Institute of Chemistry, Academia Sinica, Taipei 11529, TAIWAN

Bridging Energy and Chemistry via Nanoarchitectonic Engineering at Atomic Scale

Building bimetallic surfaces on nanocrystals renders them superior catalysts for energy-conversion reactions by virtue of the electronic effect. In addition, integration of plasmonics and catalysis in bimetallic nanocrystals provides more benefits for the creation of novel catalyst systems. In this talk, selected stories about utilization of CuM bimetallic nanocatalysts for catalytic and photocatalytic energy-conversion reactions will be introduced.[1] All stories start by the synthesis of Cu nanocubes which serve as the templates for further surface engineering.
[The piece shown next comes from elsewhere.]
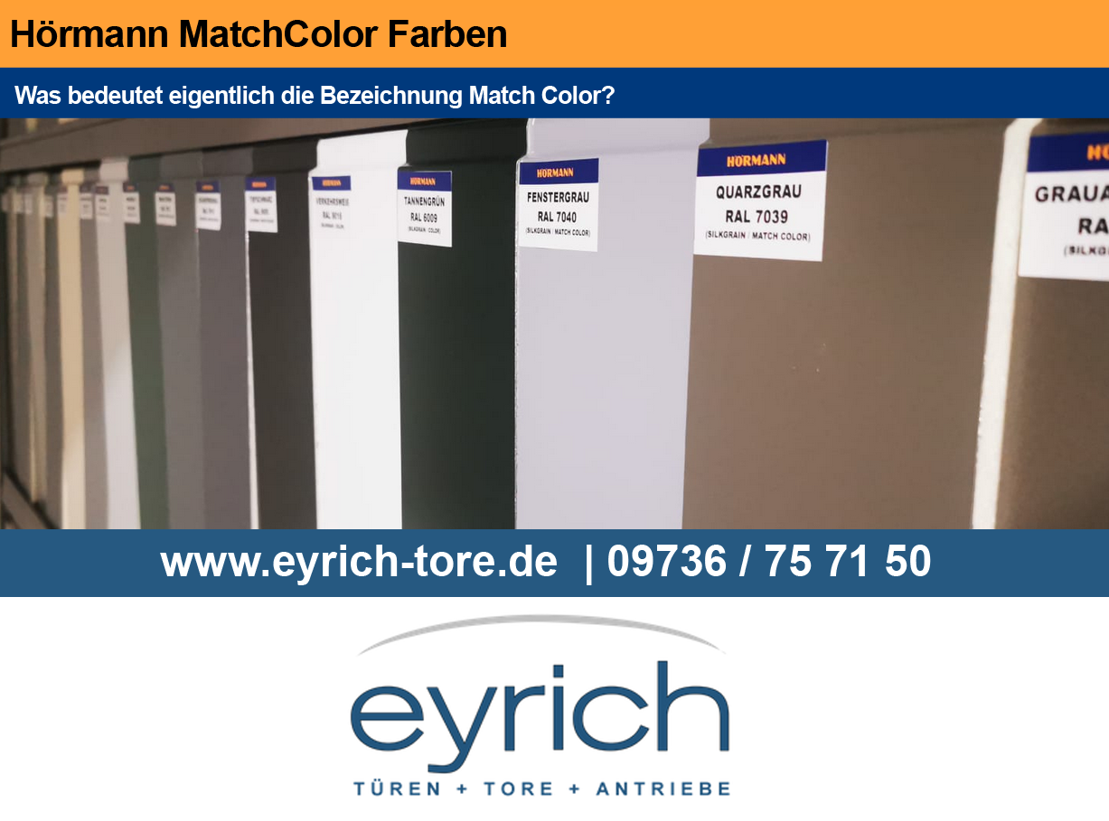 Immer wieder tritt in letzter Zeit bei unseren Beartungsgesprächen die Frage auf: "Was bedeutet eigentlich Hörmann MatchColor?" Das nahmen wir zum Anlass um euch zu informieren: Die Bezeichnung Hörmann MatchColor Vorzugsfarben steht für aufeinander abgestimmte Farben für die harmonische Gesamtansicht (Ansichtsgleichheit) eurer Hörmann Garagen - Sektionaltore, Haustüren, Nebeneingangstüren und Stahltüren. Folgende Farben stehen hierzu zur Auswahl:

On the Cu nanocubes, we reduce various kinds of noble metallic ions to form CuM surfaces with precise-controlled thickness less than 2 nm (7-8 atomic layers). In typical, template-based syntheses exhibit the coating shells with a consistent morphology to their mother nanotemplates via epitaxial growth. However, our atom-level surface modulation on the surfaces of Cu nanocubes exhibit unconventional morphological transformation after formation of CuM shells. Moreover, treating Cu-CuM core-shell nanocrystals with acid to remove Cu cores triggers further morphological transformation, leading to final nanocages in a specific shape. Those nanocages are eventually applied to electrocatalysis (oxygen reduction reaction, ORR) and photocatalytic synthetic reaction (4-nitrophenol reduction reaction). It turns out that these nanocages possess at least triply high mass activities than that of commercial catalysts. Apart from surface-coated shells, fabrication of CuM nanoframes on the Cu nanocubes via selective deposition of metallic ions will be also introduced. These nanoframes have 3D-open skeletons with highly exposed surface area and, more importantly, surface defects (i.e. adatoms and terraces).[2] The characteristics make CuM nanoframes excellent catalysts in both electro- and photocatalysis.

References

1. Lyu, L.-M.; Kao, Y.-C.; Cullen, D. A.; Sneed, B. T.; Chuang, Y.-C.; Kuo, C.-H.*, Chem. Mater. 2017, 29, 5681.
2. Ng, K. C.; Lin, F.-C.; Yang, P.-W.; Chuang, Y.-C.; Chang, C.-K.; Yeh, A.-H.; Kuo, C.-S.; Kao, C.-R.; Liu, C.-C.; Jeng, U.-S.; Huang, J.-S.; Kuo C.-H., Chem. Mater. 2018, 30, 204-213.